As directed by the Government, the agreement was entered into Monday afternoon in the boardroom of the Ministry of Culture, Youth and Sport. Present were Minister of Culture, Youth and Sport, Charles S. Ramson; Chief Executive Officer of Cevons Waste Management Inc., Morse Archer; Permanent Secretary, Melissa Tucker; Director of Sports, Steve Ninvalle and Commissioners of the NSC, Dellon Davidson, Philip Fernandes, Cristy Campbell, Cheteram Ramdial and Kashif Muhammed.
Approximately two years after it paid most of $100M for a plot of land at Area C, Tract B Le Repentir, Georgetown (Mandela Avenue) Cevons Waste Management Inc. was instructed to vacate the premises on the basis that the land was previously sold unlawfully by the Guyana Lands and Surveys Commission (GLSC). “We were taken by surprise,” Archer told the Village Voice News back in February 2021.
Cevons had already been constructing a state-of-the-art building on the property for over a year and finally moved into the building for only about two weeks, after which the AG’s letter was received.
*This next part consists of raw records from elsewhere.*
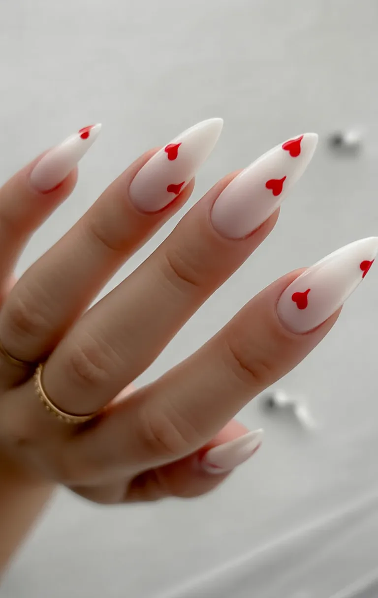 Sometimes less really is more. This Clean White almond manicure with tiny Red hearts scattered across the nails feels fresh, Simple, and quietly beautiful. There’s no heavy detailing, no glitter overload—just crisp color and sweet little accents that speak for themselves.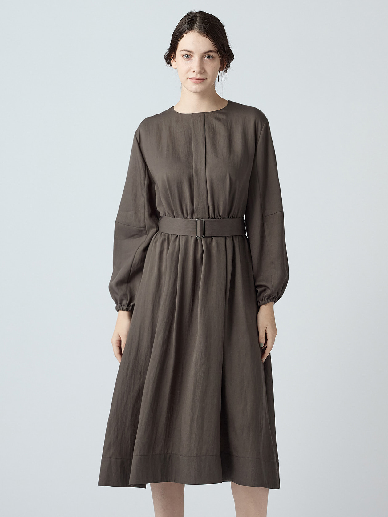 胸元にはタック、袖には随所に切替線を施し、ベルトに配したメタルバックルが上品なアクセントに。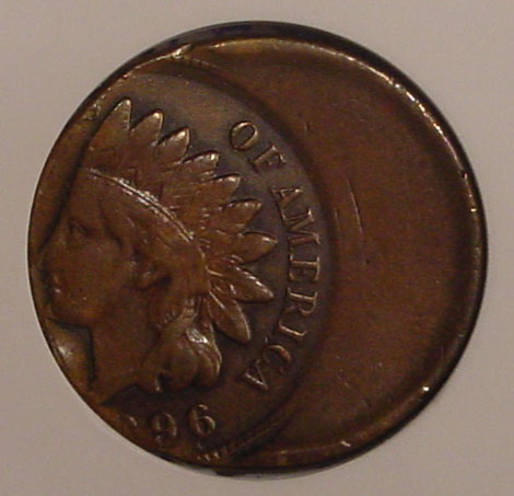 1896 Indian Cent Struck 35% Off Center at K-9.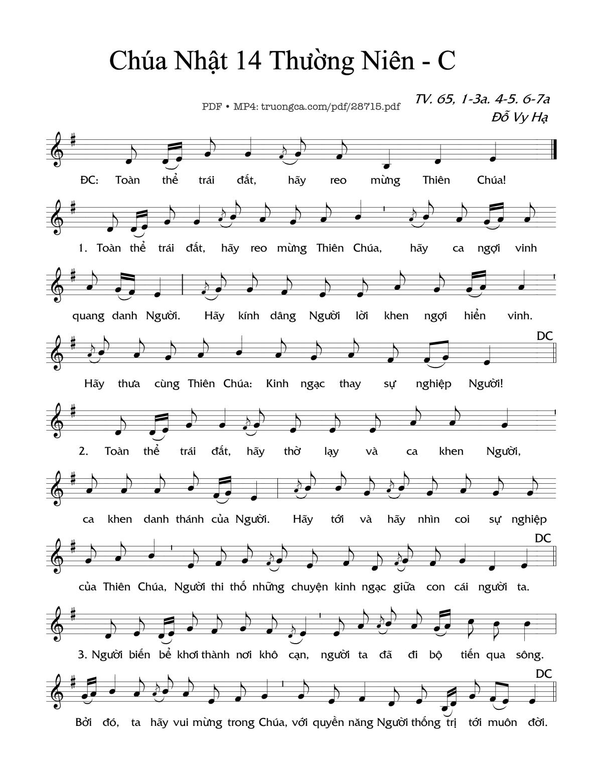 Sheet PDF with the same name Thánh Vịnh 65, Chúa Nhật 14C Thường Niên: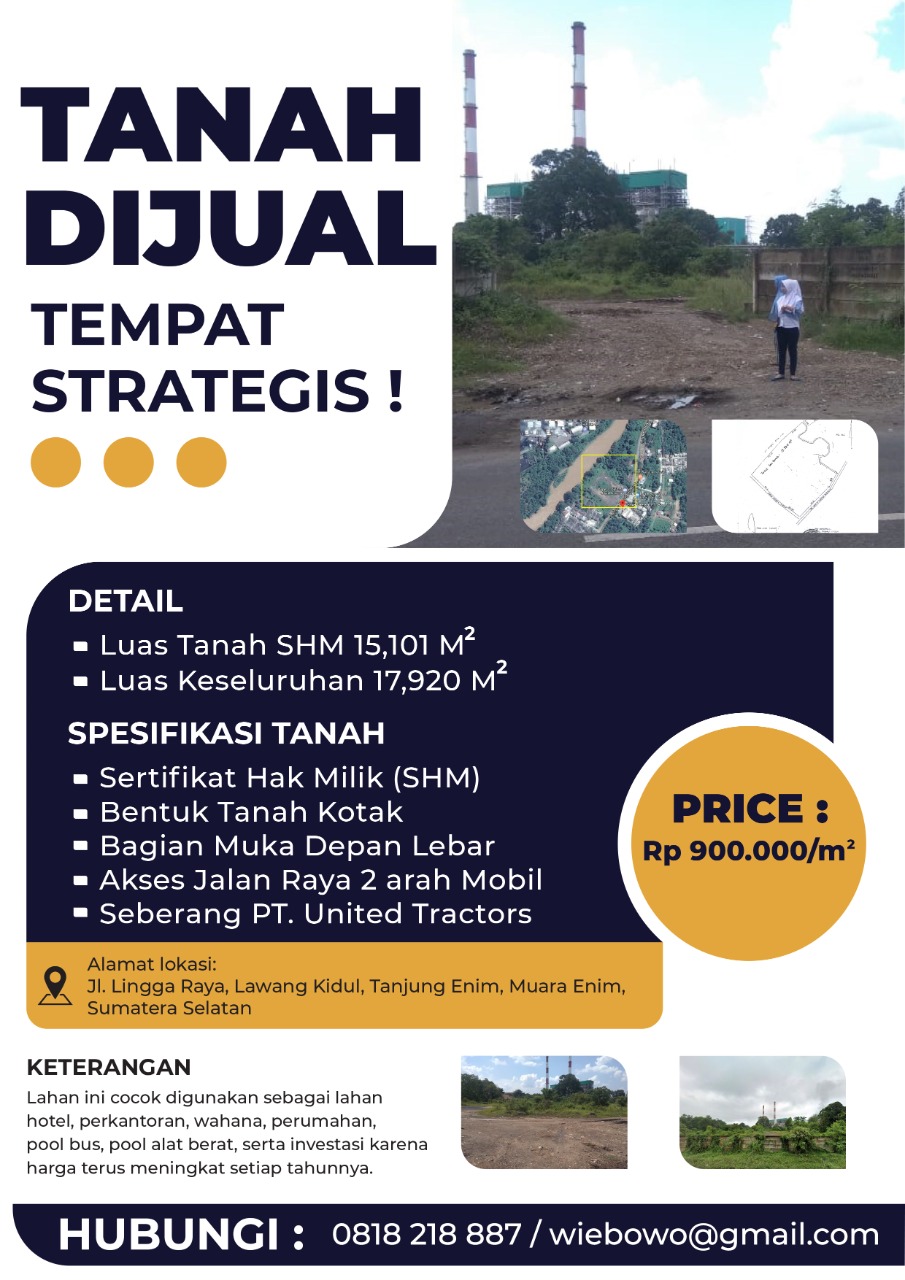Dijual Tanah Tanjung Enim, Muara Enim, Sumatera Selatan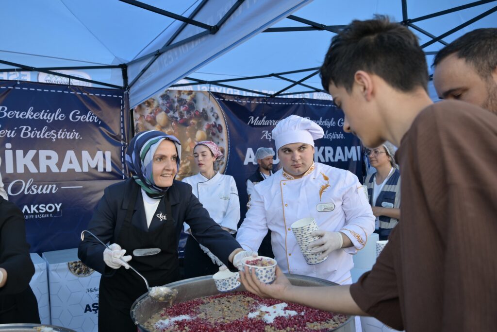 Etkinliğe Belediye Başkan Yardımcıları Zekeriya Şanlıer ve Yeşil Aytulum Turgut ile belediye birim müdürleri katıldı. Vatandaşlarla bir araya gelen yetkililer, aşure kazanlarının başına geçerek ikramda bulundu.

The lease granted to Cevons on December 18, 2018, was for a period of 50 years but on February 16, 2021, the Attorney General, said that it was of no effect and the land must be returned. He pointed out that GLSC had no legal authority to lease the said land to Cevons or anyone else as the power to sell State lands does not reside in the GLSC Commissioner but rather the President by virtue of Section 3 (1) of the State Lands Act, Chapter 62:01.
However, Archer told Village Voice News that there was nothing unlawful about the transaction he conducted with the GLSC. According to him, he followed all of the required legal procedures.
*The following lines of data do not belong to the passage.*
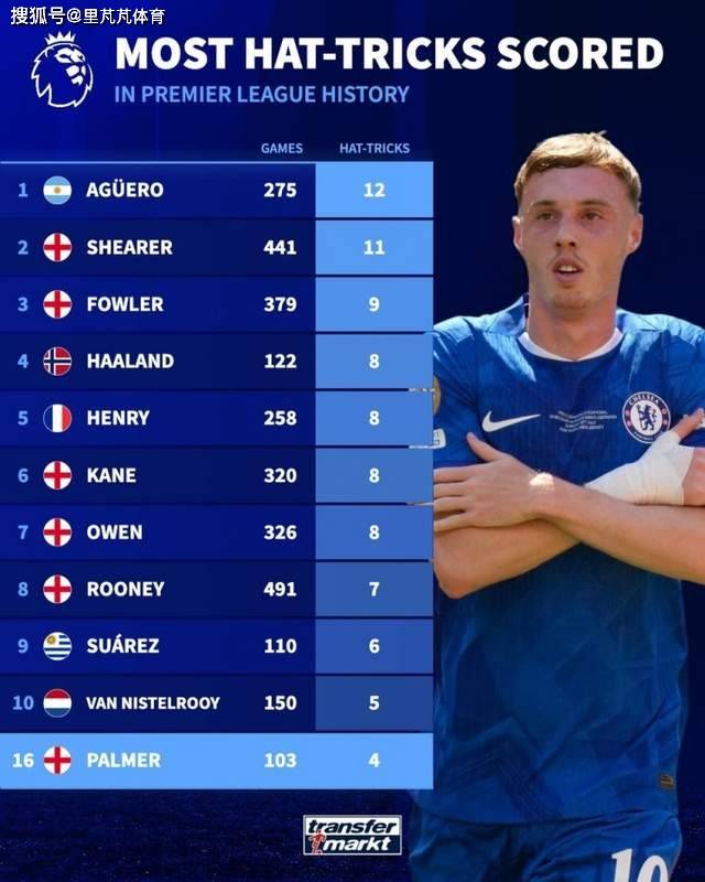1 - สถิติจาก Transfermarkt: พาลเมอร์ทำแฮตทริกในพรีเมียร์ลีกได้ 4 ครั้งแล้ว ทำให้เขาอยู่ในอันดับที่ 16 ร่วมในสถิติตลอดกาล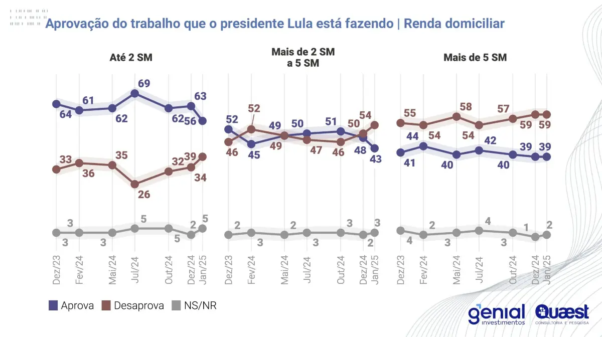 Segundo a Quaest, Lula vem perdendo popularidade principalmente entre os eleitores do Nordeste, sua principal base eleitoral, e entre as pessoas de renda mais baixa. Apenas na região do país que costuma ser mais fiel e apoiadora, o presidente perdeu 8 pontos de aprovação, e mais 7 pontos entre os brasileiros que ganham até dois salários mínimos.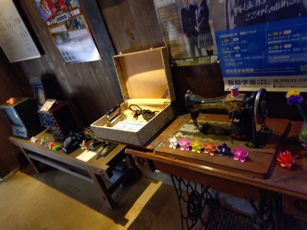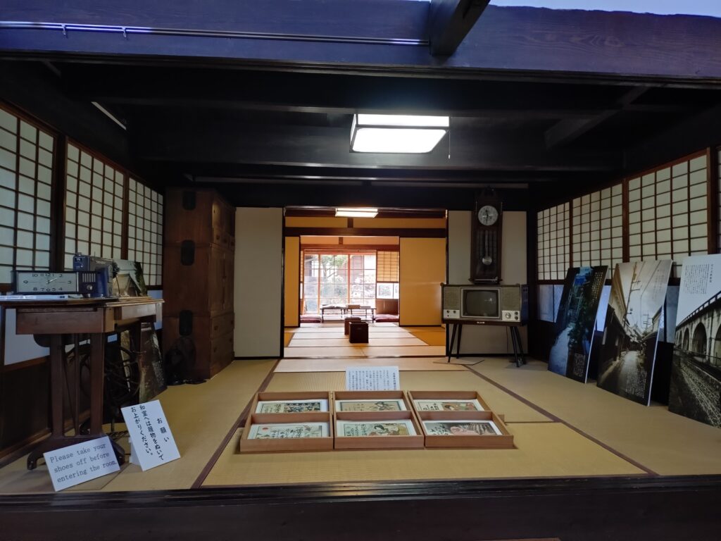 明治時代の町家の風情が感じられる建物の中に、新町やその周辺の展示物があります。畳に腰掛けてホッと一息できる空間です。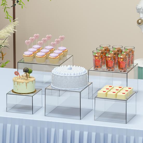 Introducing the versatile display box, a must-have for various occasions. This self-service elevator serves multiple purposes such as cake stands, jewelry displays, catering showcases, and more. The acrylic cube boxes come in different sizes, adding an organized touch to any buffet or dessert table setup.

“We went through all of the application processes,” he said while noting that permission was granted at all three tiers – at the level of the Georgetown Mayor and City Council, the Central Housing and Planning Authority and the GLSC.
“We had a government valuation of $47M; they throw that out and we had to pay $100M instead. So it is not as though we were specially favoured, because the government valuation was $47M and we were made to pay $100M,” the CEO said.
The Attorney General, in the letter, said he had taken note of the fact that Cevons had paid “a substantial sum of money” for the property, however, such a payment is not catered for in the State Lands Act and Regulations.
Though the Attorney General gave him an ultimatum, back in February Archer hoped that good sense would prevail. He pointed out that though fairly young, Cevons has been contributing to the development of Guyana, and has in its employ over 200 persons.
Subsequently, in May 2021 at a press conference, Vice President Bharrat Jagdeo said that legal proceedings to repossess lands sold to Cevons would no longer be pursued and the Government will go instead after “the people who acted illegally”. It was noted that the Government had settled on the matter with Cevons.